> _TASK INPUTS_
.....
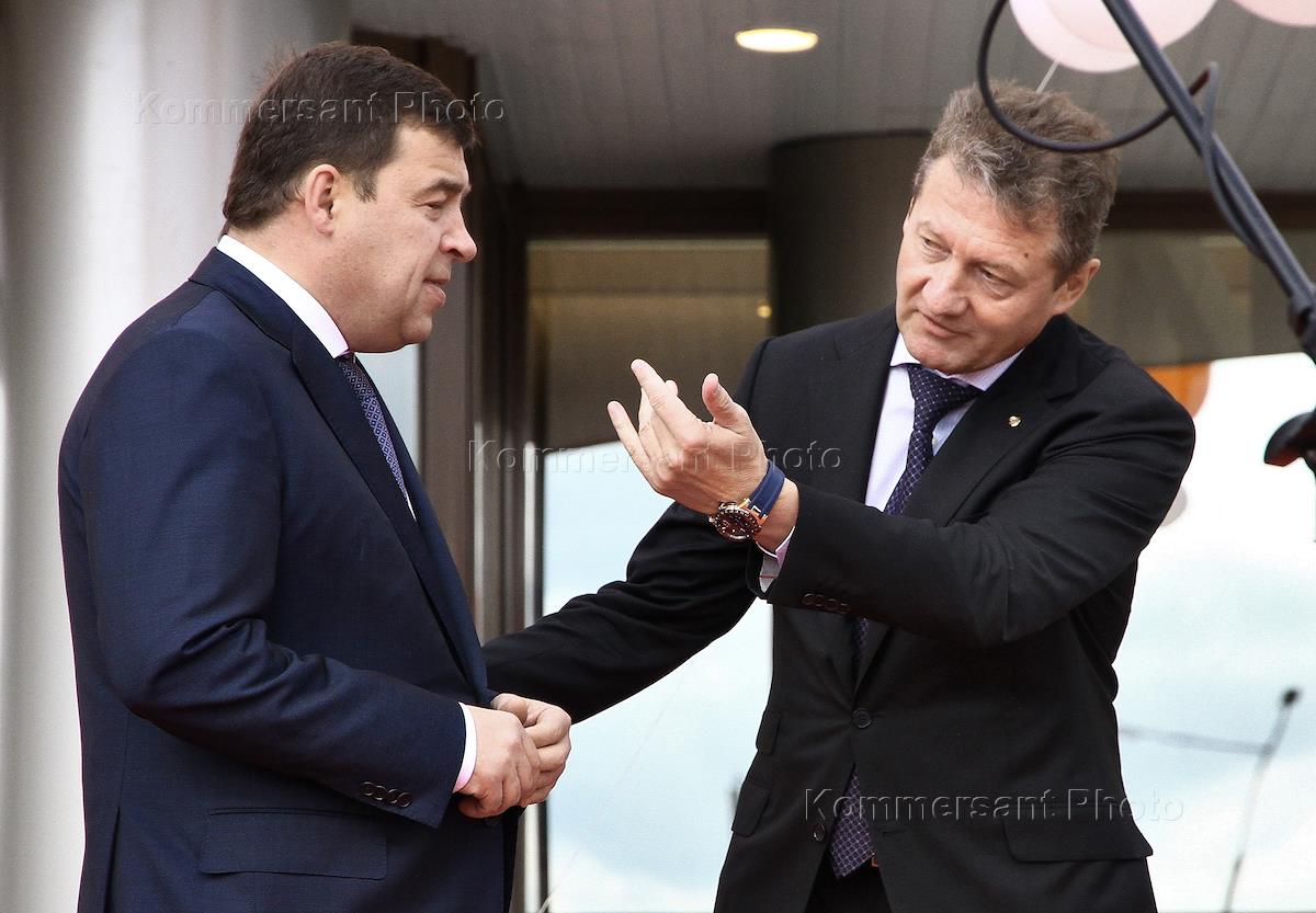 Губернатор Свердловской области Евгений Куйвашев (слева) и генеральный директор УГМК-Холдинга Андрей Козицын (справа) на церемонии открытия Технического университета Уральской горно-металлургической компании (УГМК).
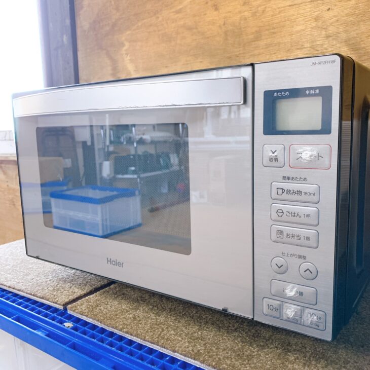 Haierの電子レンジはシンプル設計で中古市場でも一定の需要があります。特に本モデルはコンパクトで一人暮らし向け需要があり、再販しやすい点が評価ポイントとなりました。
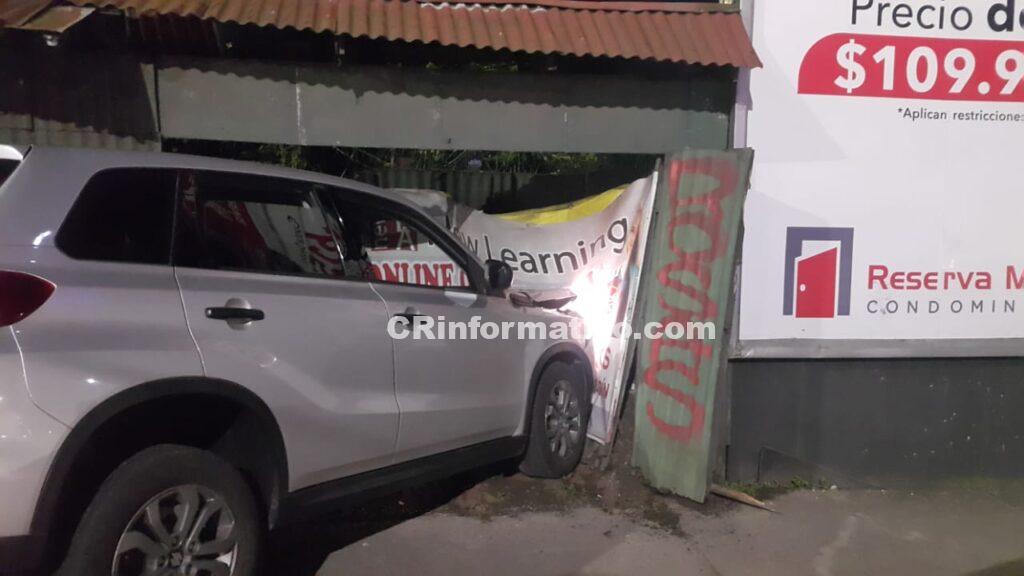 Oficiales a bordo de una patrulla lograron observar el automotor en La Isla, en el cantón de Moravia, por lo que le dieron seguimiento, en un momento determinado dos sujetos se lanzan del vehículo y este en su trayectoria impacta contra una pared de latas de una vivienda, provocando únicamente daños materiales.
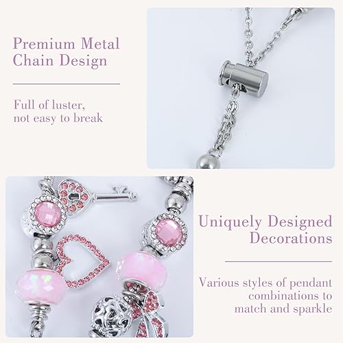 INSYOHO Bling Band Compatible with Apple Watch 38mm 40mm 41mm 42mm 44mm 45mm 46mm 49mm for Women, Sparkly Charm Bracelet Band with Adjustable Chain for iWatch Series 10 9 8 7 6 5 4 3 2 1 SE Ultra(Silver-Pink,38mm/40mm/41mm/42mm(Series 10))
.....
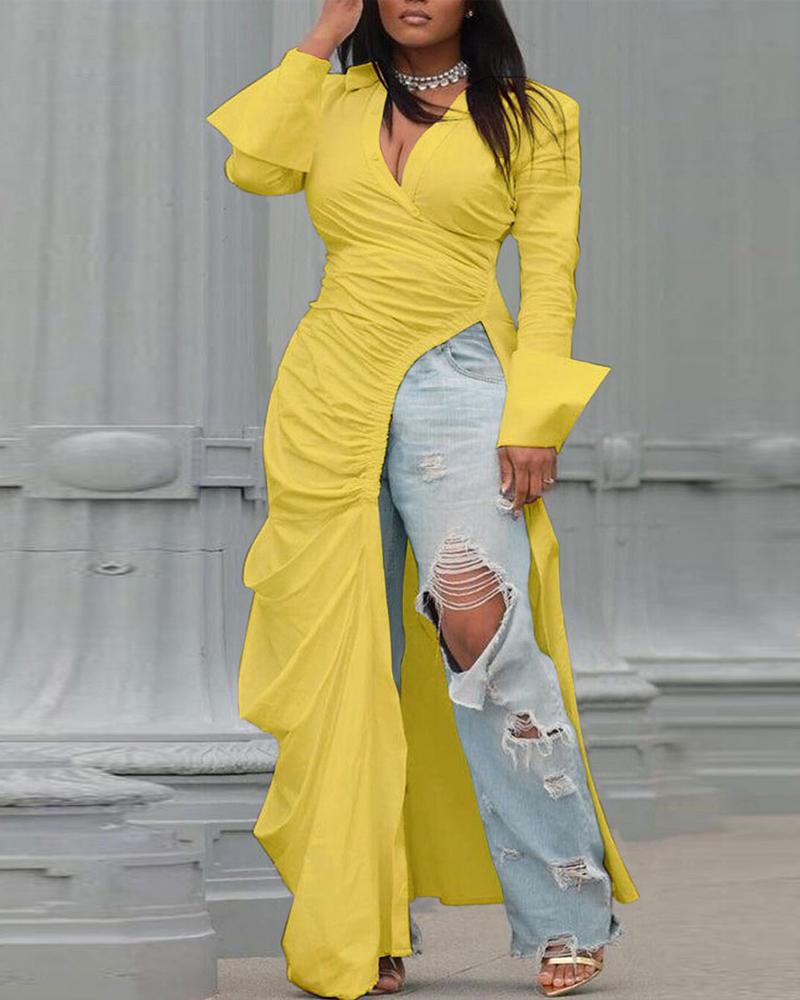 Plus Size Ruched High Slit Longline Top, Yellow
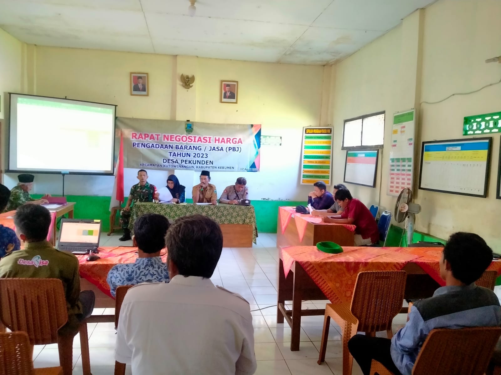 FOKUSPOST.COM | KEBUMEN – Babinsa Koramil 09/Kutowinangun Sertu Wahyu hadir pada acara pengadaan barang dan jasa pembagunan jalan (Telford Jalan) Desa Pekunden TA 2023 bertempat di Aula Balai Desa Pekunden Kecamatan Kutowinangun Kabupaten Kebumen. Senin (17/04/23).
.....
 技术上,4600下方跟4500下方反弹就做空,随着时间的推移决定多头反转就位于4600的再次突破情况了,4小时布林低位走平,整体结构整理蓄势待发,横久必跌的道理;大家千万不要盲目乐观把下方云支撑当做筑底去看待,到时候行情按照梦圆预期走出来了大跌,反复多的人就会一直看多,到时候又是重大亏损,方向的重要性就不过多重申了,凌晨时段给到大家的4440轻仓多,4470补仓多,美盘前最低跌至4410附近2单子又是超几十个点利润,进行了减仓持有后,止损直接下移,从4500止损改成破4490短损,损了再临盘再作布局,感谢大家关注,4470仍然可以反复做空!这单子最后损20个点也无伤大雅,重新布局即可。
.....
> _TASK INSTRUCTIONS_
Going by the data above, give back only the lines from the one containing "Oficiales a bordo" through the one containing "INSYOHO Bling Band", exactly as they stand, both ends included and no images.

> _WRITTEN ANSWER_
 Oficiales a bordo de una patrulla lograron observar el automotor en La Isla, en el cantón de Moravia, por lo que le dieron seguimiento, en un momento determinado dos sujetos se lanzan del vehículo y este en su trayectoria impacta contra una pared de latas de una vivienda, provocando únicamente daños materiales.
 INSYOHO Bling Band Compatible with Apple Watch 38mm 40mm 41mm 42mm 44mm 45mm 46mm 49mm for Women, Sparkly Charm Bracelet Band with Adjustable Chain for iWatch Series 10 9 8 7 6 5 4 3 2 1 SE Ultra(Silver-Pink,38mm/40mm/41mm/42mm(Series 10))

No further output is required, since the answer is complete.